Notwithstanding, injured workers can sue other third parties for their negligent involvement in causing or contributing to their accident. Those parties might include the property owner, subcontractors, architects, engineers, general contractors, and inspectors, among many others.

While construction accidents can be sued under common law theories of general negligence, New York also provides legal protections to injured workers under Labor Law sections 200, 240(1) and 241(6). Labor Law §200 imposes a duty to provide a safe place to work and requires that workplaces be "constructed, equipped, arranged, operated and conducted as to provide reasonable and adequate protection."

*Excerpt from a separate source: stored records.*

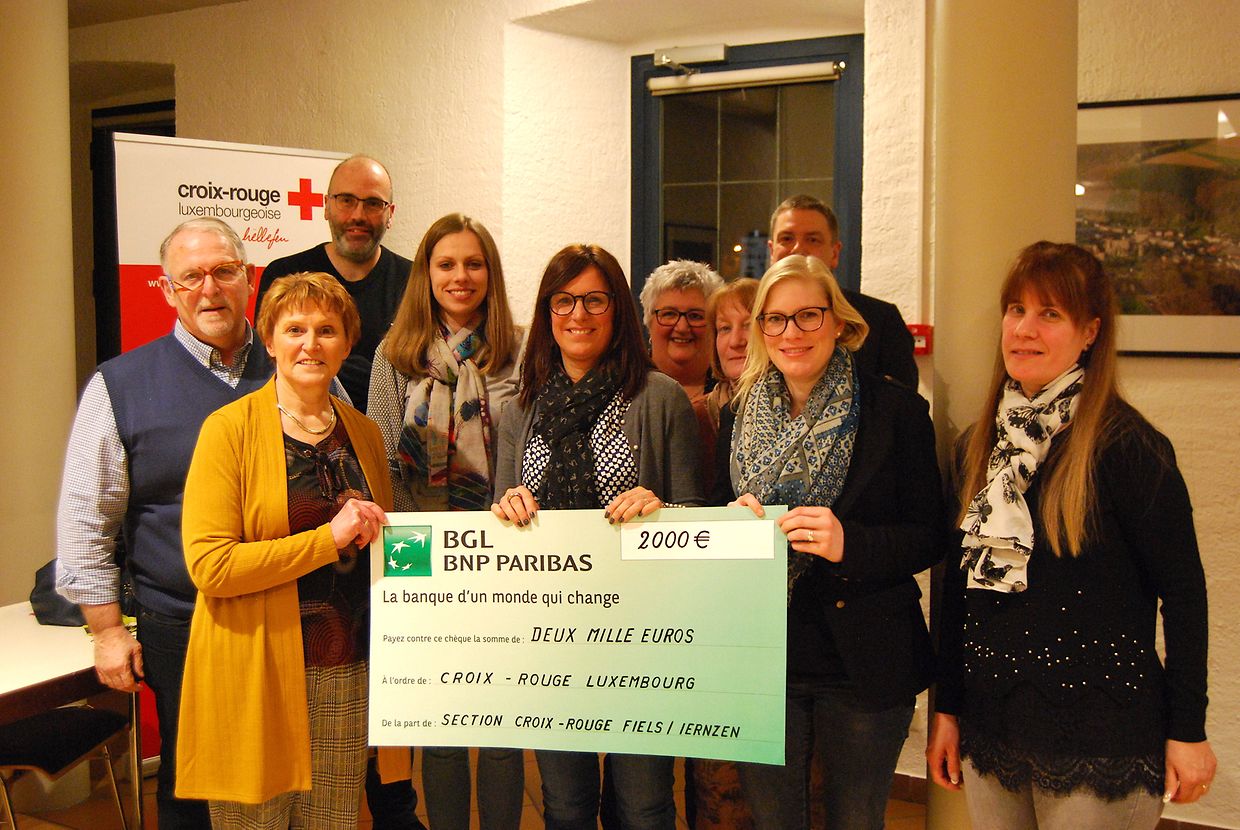 Die Sektion Fiels-Iernzen konnte einen Scheck in Höhe von 2.000 Euro an Frau Michèle Bressanutti übergeben, und zwar für «ihr» Service «Kanner-, Jugend- a Familljenhëllef bei der Croix-Rouge Luxembourgeoise».
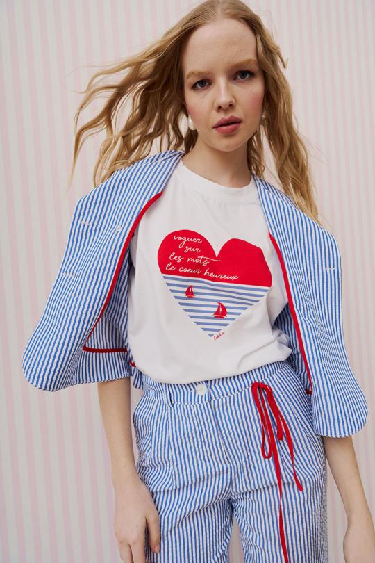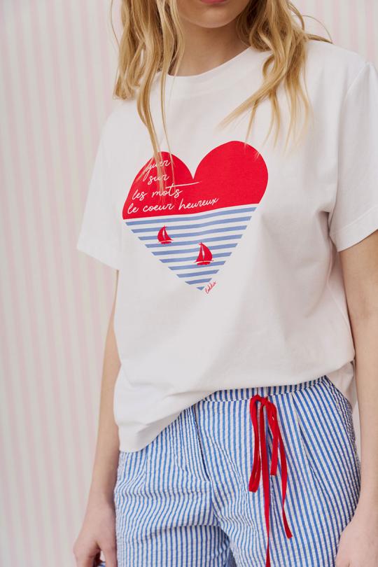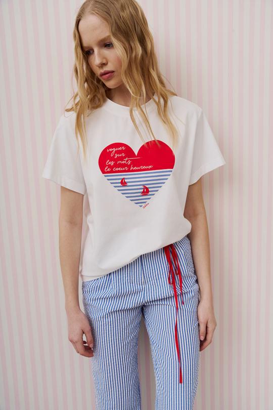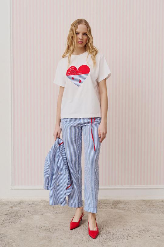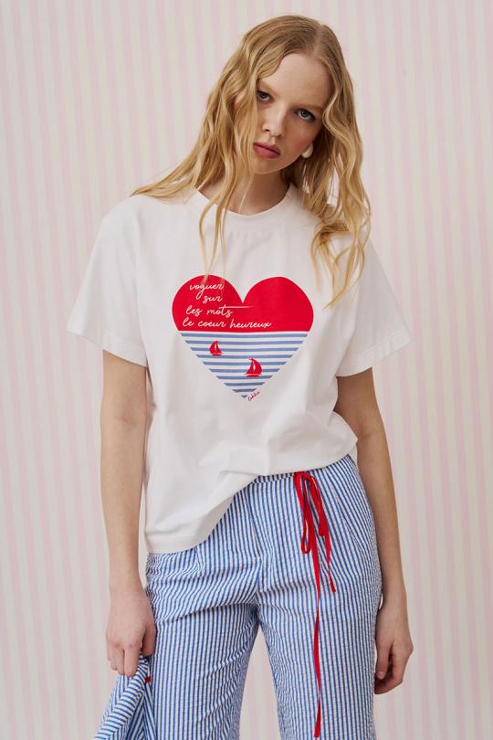 Футболка свободного кроя прямого силуэта, линия плеча спущена, рукав короткий, округлый вырез горловины обработан бейкой, по центру печать.
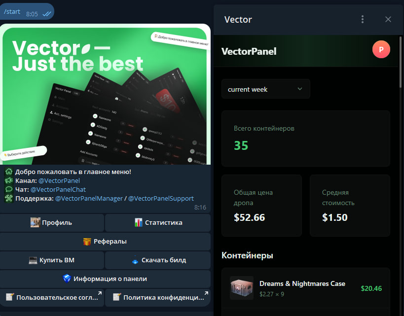 Panneau pour automatiser le farming de skins sur CS2. Vector émule le protocole du jeu, farme l'XP via Deathmatch et récupère le drop hebdomadaire de chaque compte Prime. Adapté aux fermes de 10 à 1 000+ comptes.

Labor Law §240(1) imposes "absolute liability" on owners, general contractors and their agents to furnish specific safety devices which must be constructed, placed and operated to protect workers. Specifically, Labor Law §240(1) provides:

all contractors and owners and their agents, except owners of one and two-family dwellings who contract for but do not direct or control the work, in the erection, demolition, repairing, altering, painting, cleaning or pointing of a building or structure shall furnish or erect, or cause to be furnished or erected for the performance of such labor, scaffolding, hoists, stairs, ladders, slings, hangers, blocks, pulleys, braces, irons, ropes, and other devices which shall be so constructed, placed and operated as to give proper protection to a person so employed.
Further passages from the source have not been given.